I am looking at a Merckx Titanium AX frame, which was built by Litespeed to to Merckx specs. It is a new, in box, un-built frame with a 1" head-tube.

Does anyone have experience or info on this bike? I am looking at a 56cm frame and I am looking for a geometry chart for this bike.

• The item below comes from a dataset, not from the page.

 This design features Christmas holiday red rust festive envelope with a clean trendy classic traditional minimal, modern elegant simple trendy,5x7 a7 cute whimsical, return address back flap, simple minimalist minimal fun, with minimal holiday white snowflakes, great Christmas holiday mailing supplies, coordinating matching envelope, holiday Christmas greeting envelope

Is the BB english or italien ?
27.2mm seatpost ?


----------



## Rusty Coggs (Jan 28, 2004)

JBF said:


> I am looking at a Merckx Titanium AX frame, which was built by Litespeed to to Merckx specs. It is a new, in box, un-built frame with a 1" head-tube.
> 
> Does anyone have experience or info on this bike? I am looking at a 56cm frame and I am looking for a geometry chart for this bike.
> 
> ...


I had an original one in a 58.Never liked it. Seemed flexy and the geometey may have been wrong for me.Later ones had some tubing tweaks. Geometry was the same as current Mercks traditional road frames.BB italian and seatpost 27.2


----------



## MerckxMad (Jan 22, 2004)

*Majestic better*



JBF said:


> I am looking at a Merckx Titanium AX frame, which was built by Litespeed to to Merckx specs. It is a new, in box, un-built frame with a 1" head-tube.
> 
> Does anyone have experience or info on this bike? I am looking at a 56cm frame and I am looking for a geometry chart for this bike.
> 
> ...



The AX is a bit flexy in the BB area. Later tweaks to the tubing on the Majestic stiffened it up considerably and makes for a better ride IMHO. I don't believe the Majestic is in the '04 line, but there are a few out there.


----------